Monday, February 22, 2010

Tool

Ah yes, the dual meaning title...

I've become a reasonably ok bike mechanic. When I say reasonably ok I do not in any way mean that you should trust me to work on your $5000 bike and not eff it up, but I at least trust myself to work on my own expensive bike and then ride it. I do have a bad habit though of letting maintenance type stuff go way too long and then of course it ends up being more expensive and a big pain in the ass. Case in point: I finally got around to pulling apart the whole front end of my steel cross bike for the first time in 2 years. Let's just say that I got some quality time with some sandpaper while I cleaned the rust off of the steerer tube. Anyways... so my latest is that the rear shifting on my road bike has been getting kinda stiff and flaky for a while. I knew it was time to change out the lower piece of housing at least and probably replace the cable too. Well tonight I tried to just swap out the housing and grease up the cable a little. Lacking a very good cutter (the proper TOOL), the ends of the housing were a little ragged. In the process of threading the used cable through with it's imperfect end, I got a couple of strands caught and proceeded to peel them a ways back and basically destroy the cable. Of course I didn't have a spare on hand. So I have now disabled my bike over a $2 part because I procrastinated and wasn't careful (I am a TOOL). Ah well... easy problem to back out of at least.

5 comments:

solobreak said...

Buy 10 cables now. And a roll of good housing. Get the Shimano cable cutter if you can. The Park will do though.

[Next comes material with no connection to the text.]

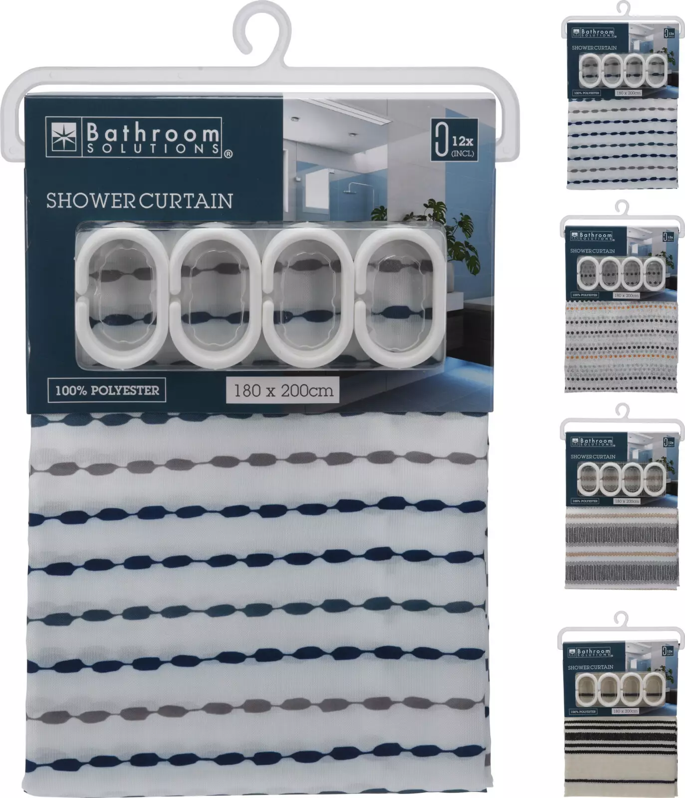 - prisvärt duschdraperi - mått: 180x200 cm - inkluderar fästringar - finns i 4 olika mönster (som på bilden), och du får en slumpmässig variant vid beställning (sortimentsartikel)

The steerer tube - the rust was probably not an issue, but I'm surprised Mike didn't paint it. Even cheap steel forks usually have a token effort at a paint job on them just to keep them from getting too rusty in the warehouse. But a lot of small builders I've seen are notorious for just leaving bare tubing laying around getting rusty and then worrying about it later.

trackrich said...

Mike seals all the tubes except the spots he can't (steerer, head tube, seat tube). For those he treats it with Frame Saver and then he told me straight out to clean and re-treat once a year. I just got lazy.

Yes, I need a good cutter. I had enough spare housing, I just did a crappy job cutting it. I had some lightly used cables too, but my bikes require a full-length brand new cable to be long enough. These were off of older bikes so they were a hair too short.

solobreak said...

Yeah you probably need tandem cables don't you?

trackrich said...

Almost. I pretty much just throw a new cable on there and don't cut it. Cable length out of the box isn't uniform so I have come across some that were too short.

Scott Sweeney said...

Rich, if you have a dremel tool, you should hit the ends of the housing with it to make that nice and smooth. Cool little trick that Jeff showed me. No more fussing with the ends of the housing and worrying about a frayed cable. And yea, you need a good cutter!